For instance, imagine standing in a park and looking past a grove of trees toward a street in the distance. A car drives down the street from left to right and is visible beyond the grove. The car goes into and out of view as it passes behind the tree trunks and tiny bits and pieces of it twinkle through the gaps in the branches and leaves. You might see a bit of the fender at time 1 in the left visual field, a bit of the passenger door at time 2 in the middle of the visual field, and a bit of the trunk at time 3 in the right visual field. But what you perceive is not a collection of car bits flickering into and out of view. What you perceive is a car, whole and unified. In other words, your visual system naturally takes into account the constantly changing stimulation from a dynamically occluded object, collects it over time, compensates for its lateral displacement, and delivers a coherent percept of a whole object.


This feat of perception is rather amazing. Given that boundary interpolation for static images declines as a function of spatial misalignment, and given that the pieces of the car became visible at different places throughout the visual field, our perception of a coherent object is quite remarkable. The key is that the spatially misaligned pieces did not appear at the same time, but rather in an orderly temporal progression as the car moved. What unifies the spatial and temporal elements of this equation is, of course, motion. The motion vector of the car allows the visual system to correct for and anticipate the introduction of new shape information.

Palmer, Kellman, and Shipley (2006) considered the requirements for spatiotemporal object formation. One important requirement is persistence: In order to be connected with fragments not yet visible, a momentarily viewed fragment must be represented after it becomes occluded. (See Figure 10.11 at time t0.) A second requirement is position updating. Not only must a previously viewed, moving fragment continue to be represented, its spatial position must be updated over time, in accordance with its previously observed velocity (Figure 10.11 at time t1). Finally, previously viewed and currently viewed fragments are both utilized by processes of contour and surface interpolation, which connect regions across spatial gaps (Figure 10.11 at t2). When new fragments of the object come into view, they are integrated with the persisting, position-updated fragments via contour and surface interpolation processes that have previously been identified for static objects. As a result of persistence and updating processes, whether contours are interpolated is constrained by the same geometric relations of contour relatability (Kellman and Shipley, 1991; Kellman, Garrigan, and Shipley, 2005) that determine unit formation in static arrays.

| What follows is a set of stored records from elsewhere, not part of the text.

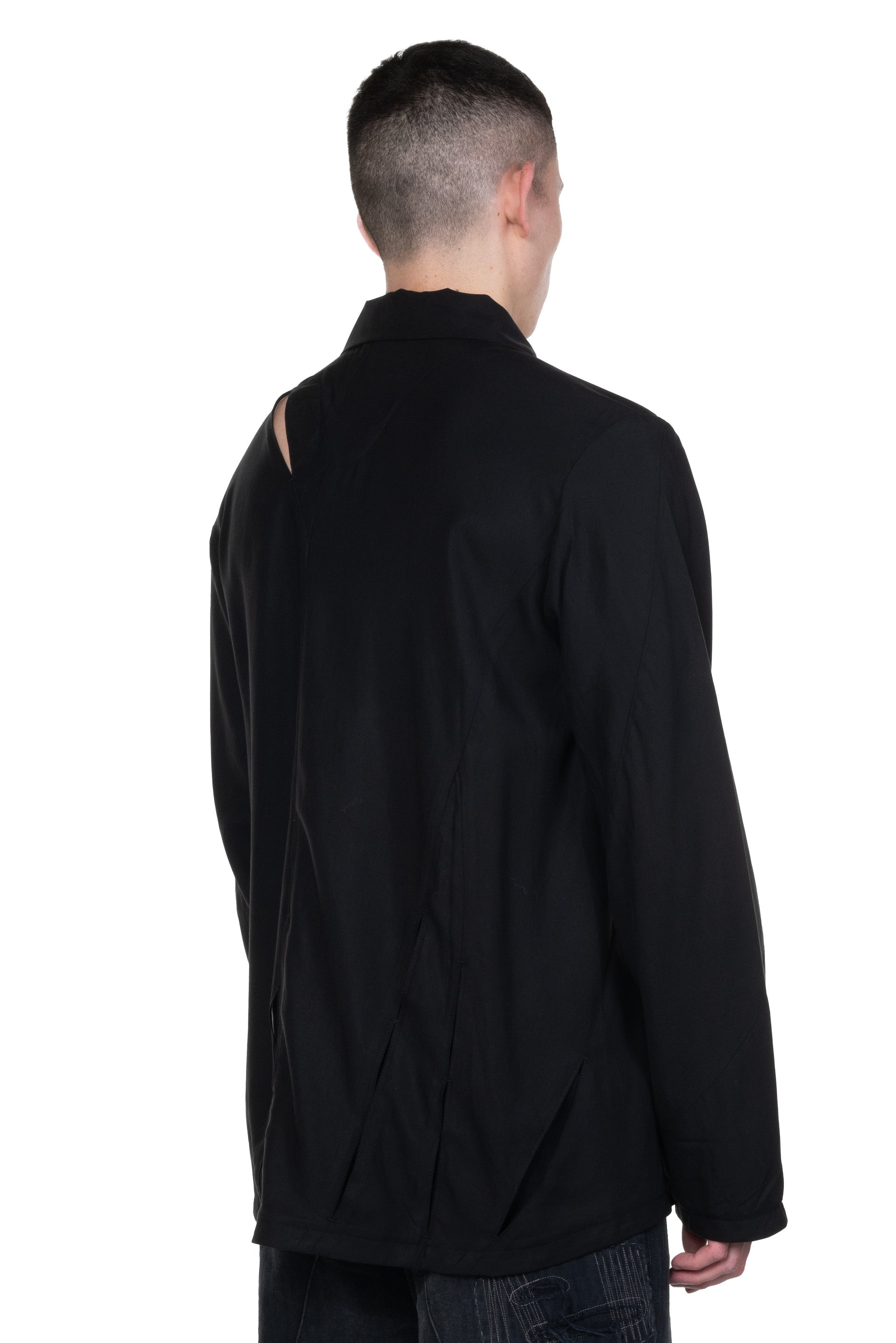 Professor. E understands the time of aesthetics from the use of cotton, hemp and wool. Fabric stitching, patching, designs without edge trimming, deconstruction, and reproduction are all Professor. E's signature elements creating classic immortal designs that can be viewed with the Slit Shirt Black.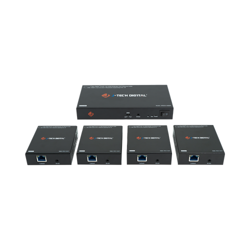 The JTECH-14EXP is an HDMI extender and splitter that efficiently extends a 1080P 60Hz HDMI A/V signal up to 164 feet using a single Cat5e/6 ethernet cable (per receiver). This system features 1 input and 4 outputs, complete with four receivers, and includes a local HDMI loop-out on the transmitter for connecting a fifth display to monitor the source. The Power Over Cable (PoC) function minimizes clutter by requiring only the transmitter to be connected to a power adapter, with the receivers drawing power through the ethernet cables.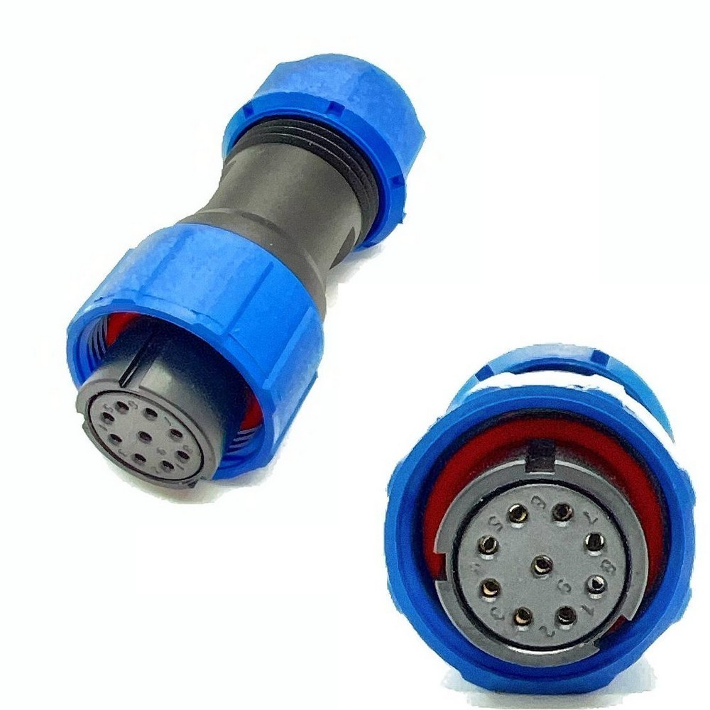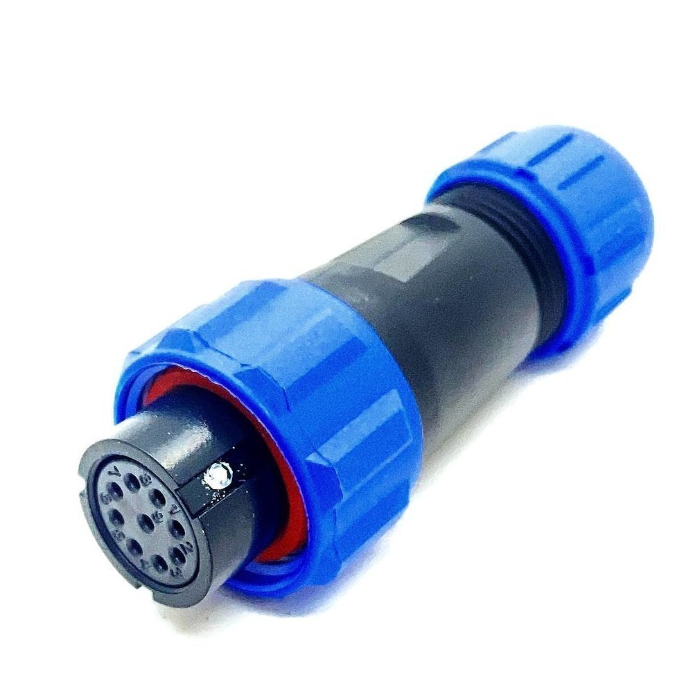 SP13, гнездо, PIN:9, IP68, диаметр кабеля: 4~6.5мм, 250В, 13A, пайка, на провод,с защитной крышкой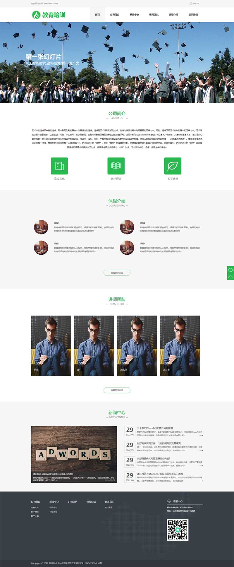 - 清新绿色主调 + 简约专业视觉设计 + PC+WAP 双端自适应结构,融合前沿技术打造高端流畅体验,适配各类终端设备,完美呈现教育机构的专业实力、课程优势及品牌调性,贴合教育培训行业氛围,提升学员与家长的信任感;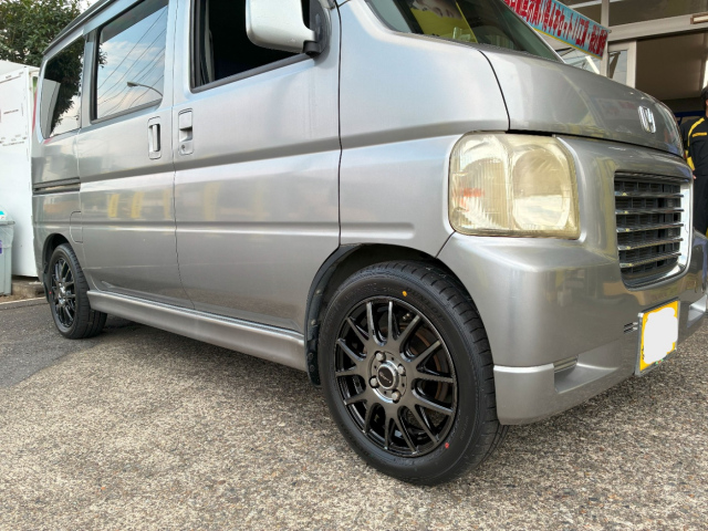 今回はバモスホビオにタイヤホイールセットを取付たのでご紹介(^O^)/ ホイール【ロフィーダXM27】14インチ タイヤ 【ルマンV+】165/60R14 ブラックポリッシュはどんな車の色にもあいま...

Spatiotemporal interpolation processes. An object moves from left to right behind an occluder with two circular windows. At t0, shape and motion information about visible regions of the rod are perceived. At t1, the shape and current position of the occluded region of the rod are represented in the dynamic visual icon representation. At t2, another portion of the rod becomes visible, and contour interpolation occurs between the occluded and visible regions.

FIGURE 10.11 Spatiotemporal interpolation processes. An object moves from left to right behind an occluder with two circular windows. At t0, shape and motion information about visible regions of the rod are perceived. At t1, the shape and current position of the occluded region of the rod are represented in the dynamic visual icon representation. At t2, another portion of the rod becomes visible, and contour interpolation occurs between the occluded and visible regions.

As the spatial relationships that support interpolation are highly constrained, accurate representations of previously seen fragments are important for allowing spatiotemporal object formation to occur, and to operate accurately. Palmer, Kellman, and Shipley (2006) combined the requirements for object formation with proposals about visual mechanisms that represent, update, and connect object fragments over time in a model of spatiotemporal relatability (STR). The model provides an account for perception of dynamically occluded objects in situations such as that presented in Figure 10.1.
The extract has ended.